The latest Selected Acquisition Report on the Lockheed Martin F-35 program has updated the Pentagon’s cost estimates. The eight international partners may take some comfort from the predictions of future unit recurring flyaway costs, once full-rate production begins. That is, if they defer the majority of their buys until then, which seems increasingly likely. The report also details the schedule delays that were officially approved last December.
The report lists the cost as nearly $48 billion for the airframe in 2012 dollars, compared with the $32.5 billion estimated when system design and development began in October 2001. The cost of engine development has increased from $6.5 billion to $11.7 billion, again in constant 2012 dollars. The system design and development phase (which the report labels RDT&E) is apparently not now due to end until 2019, with the completion of initial test and operation in February of that year. The Block 3F software that is required for meaningful combat capability is now predicted to be available in August 2017.
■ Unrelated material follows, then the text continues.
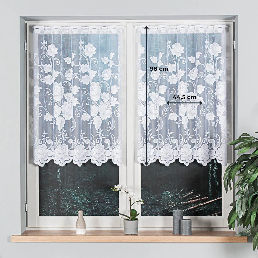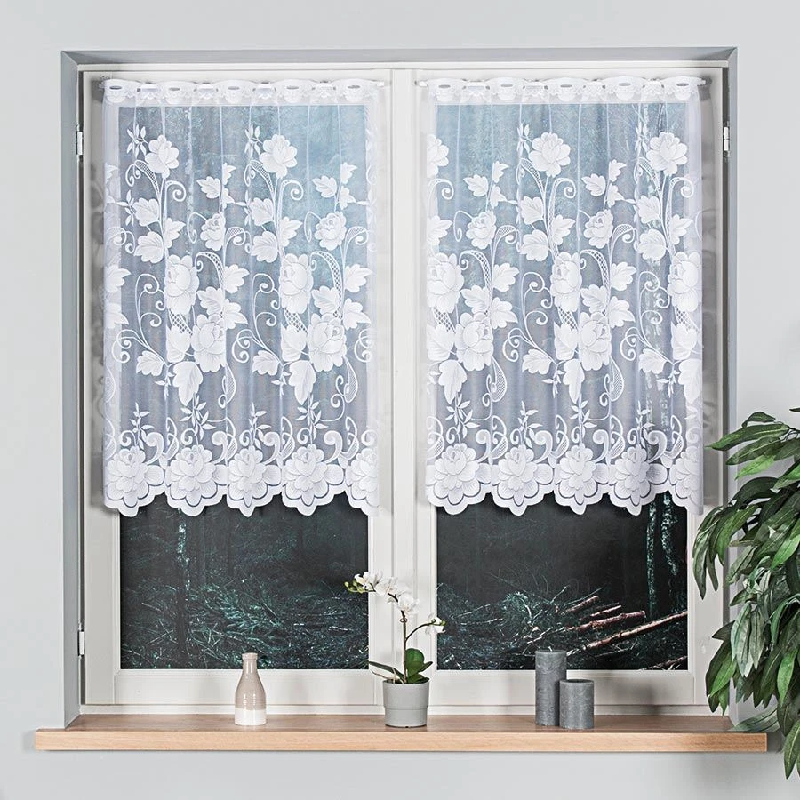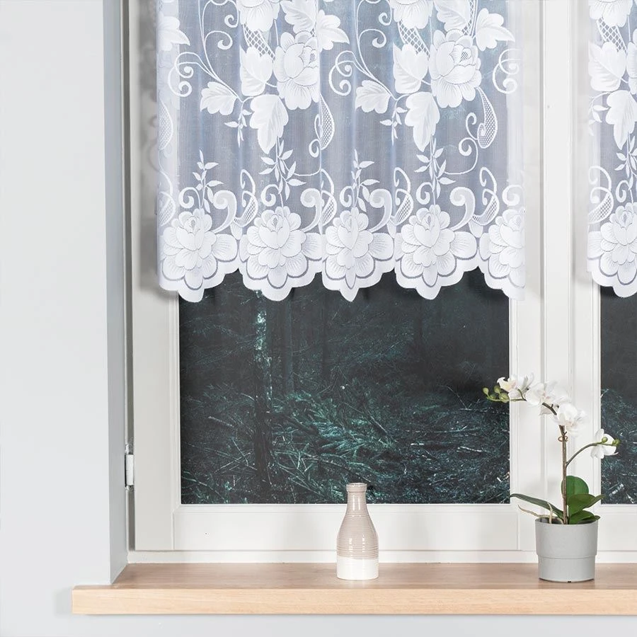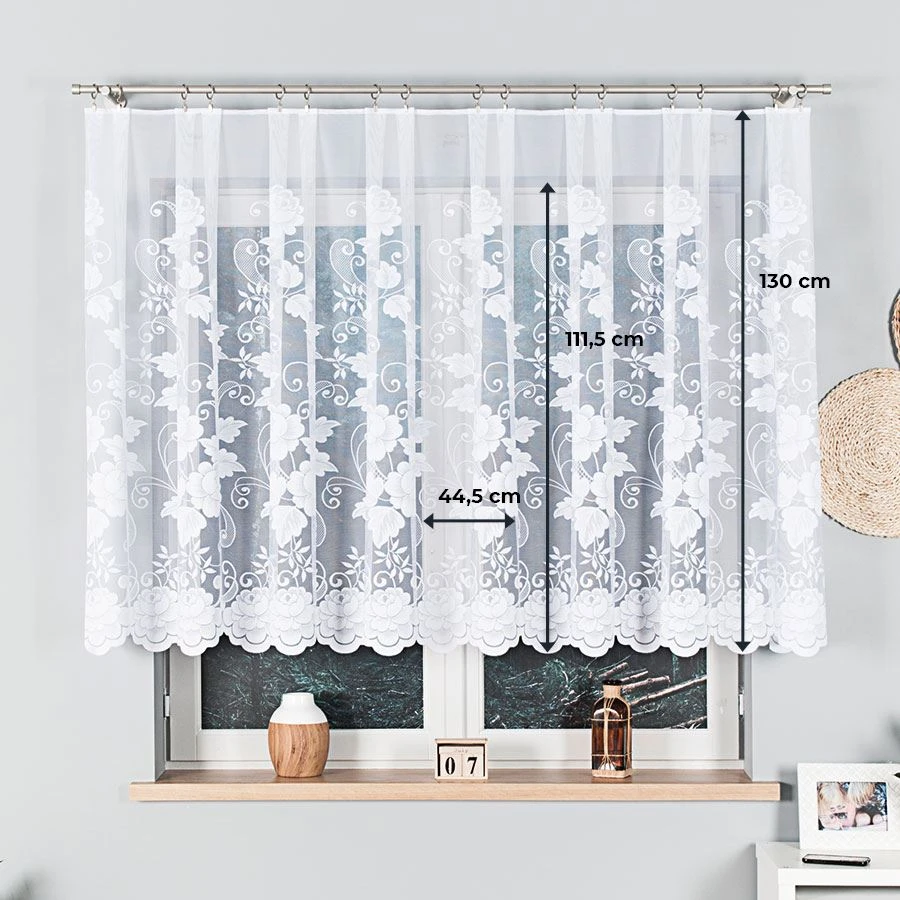 Firanka żakardowa dostępna w metrażu, w kolorze białym, z motywem kwiatowym. Wiele wysokości do wyboru a szerokość jest dowolna, dzięki czemu dopasujesz ją dokładnie do swojego okna. Firankę możesz zamówić z usługą szycia w naszej profesjonalnej szwalni - wybierz wykończenie, podaj wymiary, a otrzymasz uszytą i gotową do zawieszenia firankę.

The three U.S. services have again delayed the initial operating capability dates of their respective F-35s, and revised dates won’t be set until next year. They were previously December this year for the U.S. Marine Corps F-35B and April 2016 for the U.S. Air Force and U.S. Navy. Full-rate production, meaning an annual rate of 60 F-35As for the U.S. Air Force and 50 F-35B/Cs for the Marine Corps and Navy, is now due to begin in 2018.
The average unit recurring flyaway cost (URFC) is given as $78.7 million for the F-35A, $106.5 million for the F-35B, and $87 million for the F-35C, in 2012 dollars. But this assumes an unchanged ultimate U.S. Air Force procurement of 1,763 F-35As and 680 F-35B/Cs, plus an international partner buy of 697 aircraft plus 19 for Israel. The URFC does not include the cost of initial training, spares and support. However, AIN believes that it is a more useful measure than the average procurement unit cost (APUC), which is also quoted in the report, since this amortizes development and a number of other costs. Also, the average URFC figures mask the substantially higher URFCs of the low-rate initial production (LRIP) aircraft. For example, the LRIP F-35As are costing between $100 and $125 million, and the 19 for Israel are quoted at $144.7 million in this report.
There has been much discussion of the grand total of $1.5 trillion the report gives for development, acquisition and operation of the F-35. This estimate is predicated on a support structure that is not yet defined, plus fuel costs and inflation over 55 years. Lockheed Martin commented that such an exercise had never previously been attempted, and that “a number of variables are subject to considerable fluctuation...making the estimate inherently imprecise.” The company expressed continued confidence that F-35 operations and support costs will be comparable or lower than those of the seven aircraft types it replaces.